_About this task_:
From the line containing "마스크 겉감은 드라이한" down to the line containing "跨国德天瀑布非常著名的景点!" in the records below, reproduce every line exactly, ends included, and omit all others.

=-=-=

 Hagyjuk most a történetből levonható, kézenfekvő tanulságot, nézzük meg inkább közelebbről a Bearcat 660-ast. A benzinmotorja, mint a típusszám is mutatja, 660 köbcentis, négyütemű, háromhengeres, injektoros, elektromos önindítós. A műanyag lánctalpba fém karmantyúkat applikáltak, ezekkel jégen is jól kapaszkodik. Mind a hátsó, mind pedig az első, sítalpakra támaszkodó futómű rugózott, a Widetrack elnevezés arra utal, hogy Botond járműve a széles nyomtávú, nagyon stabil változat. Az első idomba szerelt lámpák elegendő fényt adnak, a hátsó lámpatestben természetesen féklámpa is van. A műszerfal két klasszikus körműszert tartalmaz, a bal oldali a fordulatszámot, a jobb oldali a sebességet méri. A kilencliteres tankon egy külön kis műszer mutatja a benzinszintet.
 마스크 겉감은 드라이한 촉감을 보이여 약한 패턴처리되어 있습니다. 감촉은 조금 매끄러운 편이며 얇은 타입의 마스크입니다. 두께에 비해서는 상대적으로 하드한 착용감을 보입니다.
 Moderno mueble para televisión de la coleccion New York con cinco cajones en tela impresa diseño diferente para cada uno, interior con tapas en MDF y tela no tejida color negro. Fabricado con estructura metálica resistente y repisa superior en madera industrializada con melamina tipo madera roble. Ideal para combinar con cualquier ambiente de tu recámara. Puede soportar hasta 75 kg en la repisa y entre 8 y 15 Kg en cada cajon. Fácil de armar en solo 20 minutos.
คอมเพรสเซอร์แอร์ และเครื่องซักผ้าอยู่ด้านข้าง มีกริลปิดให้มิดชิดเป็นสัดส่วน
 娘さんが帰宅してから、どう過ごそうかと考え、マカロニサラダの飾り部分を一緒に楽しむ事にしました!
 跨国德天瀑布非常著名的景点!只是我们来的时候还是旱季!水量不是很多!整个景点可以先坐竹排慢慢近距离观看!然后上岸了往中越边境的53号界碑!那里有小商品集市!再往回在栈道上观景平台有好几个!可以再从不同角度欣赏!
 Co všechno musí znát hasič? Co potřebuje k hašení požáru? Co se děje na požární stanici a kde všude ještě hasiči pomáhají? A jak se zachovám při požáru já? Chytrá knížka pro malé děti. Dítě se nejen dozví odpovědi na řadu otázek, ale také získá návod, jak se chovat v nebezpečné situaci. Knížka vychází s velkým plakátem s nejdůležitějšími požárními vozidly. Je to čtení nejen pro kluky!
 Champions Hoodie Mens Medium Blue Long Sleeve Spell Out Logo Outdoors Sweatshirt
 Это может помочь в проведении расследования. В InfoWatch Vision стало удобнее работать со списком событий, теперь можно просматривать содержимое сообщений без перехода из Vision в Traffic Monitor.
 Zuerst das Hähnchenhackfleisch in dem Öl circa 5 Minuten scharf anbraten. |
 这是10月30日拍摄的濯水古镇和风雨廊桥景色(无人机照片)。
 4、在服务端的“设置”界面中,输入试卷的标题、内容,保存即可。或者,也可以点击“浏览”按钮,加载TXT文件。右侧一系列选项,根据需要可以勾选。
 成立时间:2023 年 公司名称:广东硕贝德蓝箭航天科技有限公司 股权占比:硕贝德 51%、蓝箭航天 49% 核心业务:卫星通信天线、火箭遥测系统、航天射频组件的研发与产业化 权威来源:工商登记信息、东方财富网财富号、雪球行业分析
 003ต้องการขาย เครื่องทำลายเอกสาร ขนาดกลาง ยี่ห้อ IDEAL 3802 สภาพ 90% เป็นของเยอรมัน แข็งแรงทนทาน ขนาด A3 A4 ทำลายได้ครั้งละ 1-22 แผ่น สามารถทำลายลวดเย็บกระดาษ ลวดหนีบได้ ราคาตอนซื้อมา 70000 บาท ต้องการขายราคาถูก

=-=-=

_Response area_:
 마스크 겉감은 드라이한 촉감을 보이여 약한 패턴처리되어 있습니다. 감촉은 조금 매끄러운 편이며 얇은 타입의 마스크입니다. 두께에 비해서는 상대적으로 하드한 착용감을 보입니다.
 Moderno mueble para televisión de la coleccion New York con cinco cajones en tela impresa diseño diferente para cada uno, interior con tapas en MDF y tela no tejida color negro. Fabricado con estructura metálica resistente y repisa superior en madera industrializada con melamina tipo madera roble. Ideal para combinar con cualquier ambiente de tu recámara. Puede soportar hasta 75 kg en la repisa y entre 8 y 15 Kg en cada cajon. Fácil de armar en solo 20 minutos.
คอมเพรสเซอร์แอร์ และเครื่องซักผ้าอยู่ด้านข้าง มีกริลปิดให้มิดชิดเป็นสัดส่วน
 娘さんが帰宅してから、どう過ごそうかと考え、マカロニサラダの飾り部分を一緒に楽しむ事にしました!
 跨国德天瀑布非常著名的景点!只是我们来的时候还是旱季!水量不是很多!整个景点可以先坐竹排慢慢近距离观看!然后上岸了往中越边境的53号界碑!那里有小商品集市!再往回在栈道上观景平台有好几个!可以再从不同角度欣赏!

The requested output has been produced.